Backpropagation
Assigning blame for the error
Gradient descent needs the gradient of the loss with respect to every weight. In a deep network that's millions of derivatives. Backpropagation computes them all efficiently — in a single backward pass.
The idea: after the forward pass produces a prediction and a loss, push that error backward through the network. Each layer asks "how much did I contribute to the error?" and passes the answer to the layer before it.
The loss depends on a weight through a chain of operations. The chain rule multiplies the local derivatives along that chain: ∂L/∂w = ∂L/∂a · ∂a/∂z · ∂z/∂w.
Forward, then backward
Watch a value flow forward to a prediction and loss, then the error flow backward, depositing a gradient on every weight along the way.
The chain rule, intuitively
If wiggling a weight changes z a little, and changing z changes the activation a a little, and changing a changes the loss a little — then the total effect is those small effects multiplied together. That's all the chain rule is.

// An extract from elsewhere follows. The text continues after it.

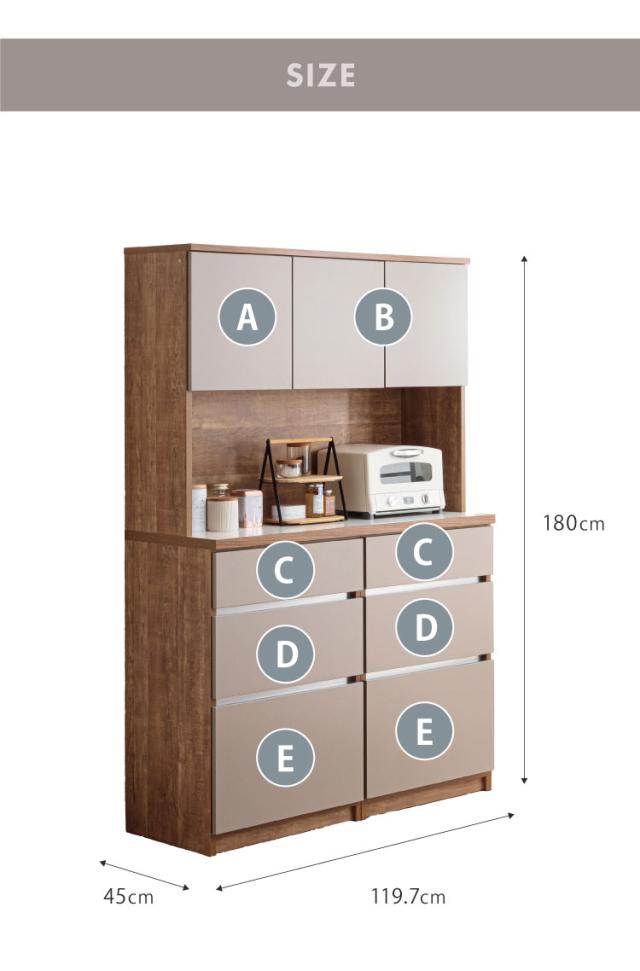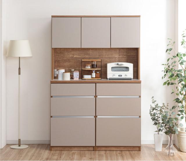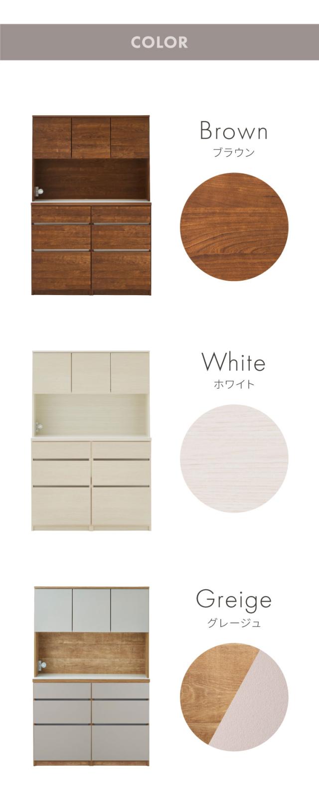 グレージュ、ブラウン、ホワイトの3色で展開されるモダンなデザインが特徴な食器棚。高さ180cmのハイタイプ設計で、キッチン周りの食器や家電、食品ストックをひとまとめに大容量収納できます。「おしゃれなキッチン空間」と「使いやすい収納力」を両立させたい方にぴったりの一台です。下台は左右の入れ替えが可能なので、お好みの並べ位置で快適にご使用いただけます。
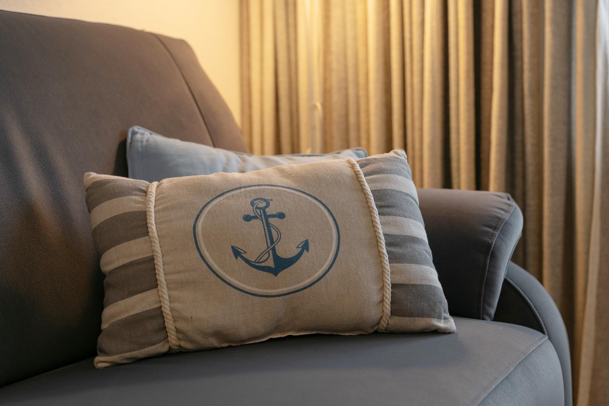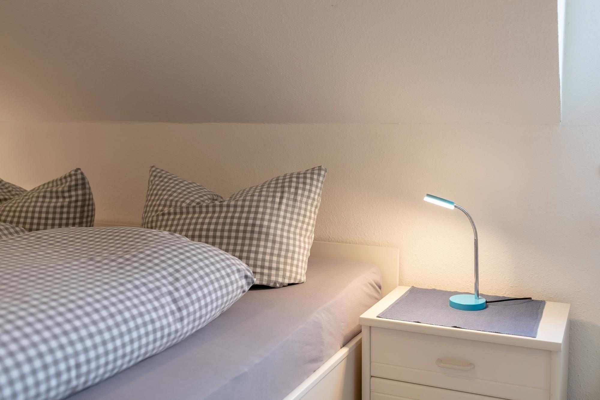 Es ist modern eingerichtet. Es gibt einen Schlafraum mit einem Doppelbett (2x 90x200 cm), in dem bei Bedarf für ein Kind ein Zustellbett (90x200 cm) aufgestellt werden kann und einen Schlafraum mit zwei Einzelbetten (je 90x200 cm).

The gradient at a layer is built from the gradient of the layer after it — computed once, reused. No redundant recomputation.
A single sweep from output to input yields every weight's gradient.

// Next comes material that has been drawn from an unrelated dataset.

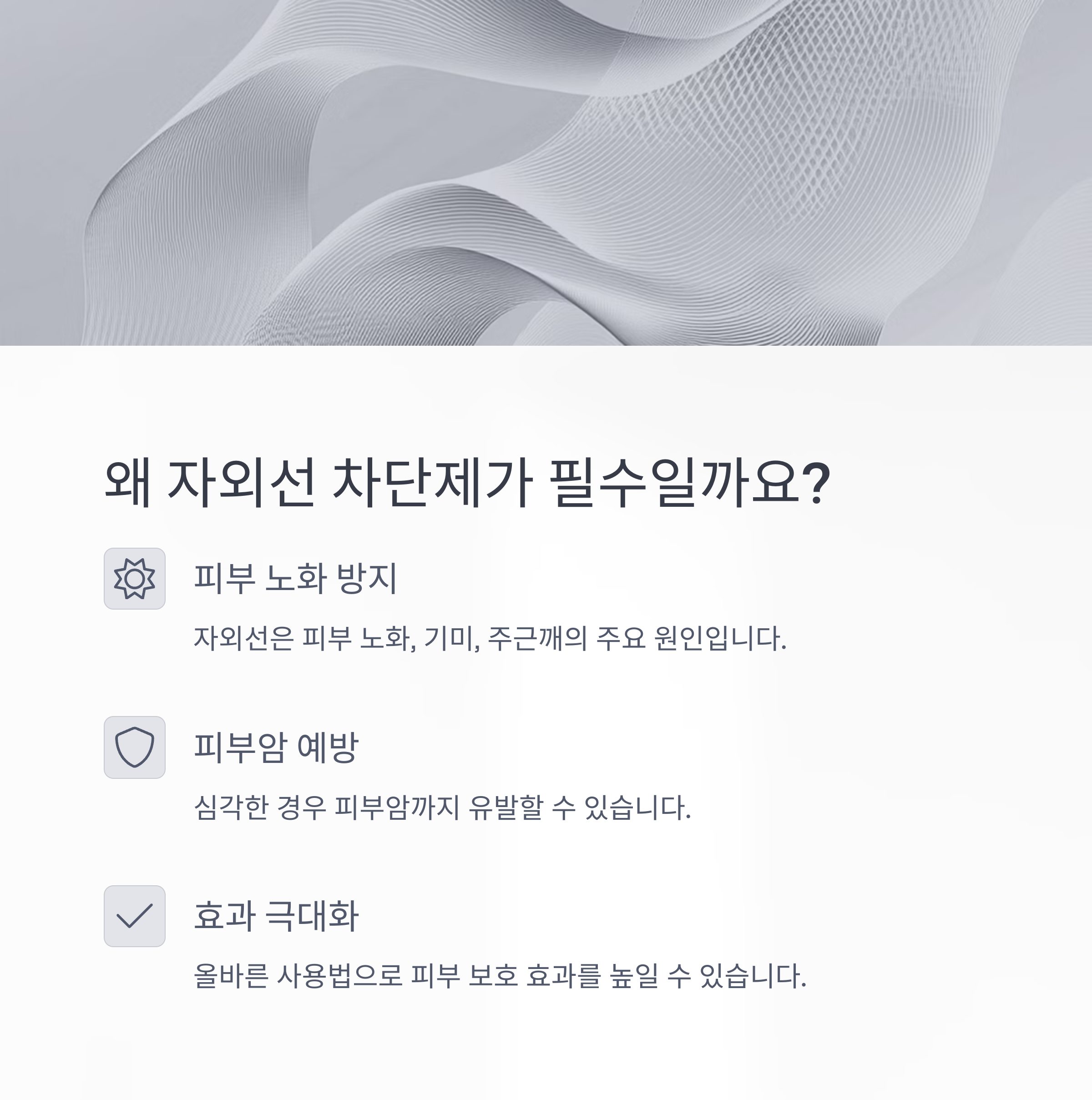 자외선은 피부 노화, 기미, 주근깨, 심지어 피부암까지 유발하는 주요 원인이기 때문입니다.

Here is the chain rule with real numbers: one neuron, x = 2, target y = 1. Slide w and watch every local derivative update; their product is the gradient. Then press descent step to apply w ← w − η·∂L/∂w and watch the loss fall.
Notice the middle factor a(1−a): it can never exceed 0.25, and near w = ±2 it almost vanishes — that single factor is the seed of the vanishing-gradient problem. Click descent step a few times: the gradient drives w uphill on a, downhill on L.
The training loop
1. Forward pass → prediction. 2. Compute loss. 3. Backward pass → gradients. 4. Update weights. Loop over batches and epochs until the loss is low.
Modern frameworks (PyTorch, TensorFlow) do step 3 automatically via autodiff — you write only the forward pass, and they backprop for you. But watch out for vanishing & exploding gradients in very deep nets.